Text Classification

Summary

Collected 200,000 English and Japanese sentences
Performed principal component analysis based on letter frequency
Trained a logistic regression model
Obtained a classification accuracy of 99.9%

Background

As someone who has been learning Japanese for several years, I have developed an interest in linguistics and the differences between the two langugages. Japanese uses a character system that has three different scripts. These are hiragana, katakana, and kanji. English of course doesnt use any of these scipts but uses latin characters instead. If one were to classify English and Japanese sentences, it would be rather easy solely based on the characters, but it would also be less interesting. To better exemplify the differences in the languages, I wanted to convert both to the same character system. Luckily there is a standard format of converting Japanese to roman characters (romaji) called hepburn. This allows a rather direct mapping of Japanese sounds. This is because, both hiragana and katakana are phonetic, allowing direct conversion, and kanji can be converted to hiragana. Of course the other option would be to convert English words into hiragana or katakana, but due to the larger varity of phonemes in English, there would be a significant amount of loss. Therefore this project compares and classifies English and Japanese sentences where the Japanese sentences are written in romaji.

Data

Collection

To classify each language we need a large selection of Japanese and English sentences.
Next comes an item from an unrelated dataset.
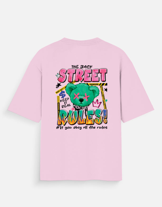 This oversized pink tee features a chaotic-cute graphic of a glitchy green bear with street-style warnings, neon graffiti, and the rebellious slogan: “If you obey all the rules, you miss all the fun.”

One good source of example sentences well known among language learners is the website tatoeba. From tatoeba I have downloaded the entire selection of Japanese and English, which consist of 200,000+ and 1,500,000+ sentences respectively. The Japanese sentences are shown in the traditional script, so to convert to hepburn I used a python package called cutlet. One key difference between Japanese and English is the lack of spaces in Japanese. In English we can easily separate words by spaces, but in Japanese we need an additional tokenizer to separate the words. Cutlet uses MeCab and Unidict for tokenization of Japanese words.

Data Cleaning

Once both languages are in roman characters we need to further clean the data to be easier to process. These steps include:

Changing all characters to lowercase
Removing all punctuation from the sentences
Reduce dataset to 100,000 sentences for each

Input Features

The classification is done solely by the frequency of letters in each sentence. The letter density was calculated for each letter, this is \(\frac{\text{Number of specific letter}}{\text{Number of total letters}}\). This results in 26 input features.

Preprocessing

The data first separated into a training set and a test set, with a 99:1 ratio. This leaves 2,000 sentences for testing after the model is built. The data is processed using principal component analysis. This is a feature extraction technique that allows the data to be transformed into its principal components. PCA works by calculating the covariance matrix for all of the input features, and calculating its eigenvectors. The eigenvectors are the principal components, of the directions with the largest variance in feature space. These directions are not specific features, but are a linear combination of all the features. The dataset is then transformed into this new basis system. For this project, I selected the first 2 principal components which are easily visable in 2 dimensions.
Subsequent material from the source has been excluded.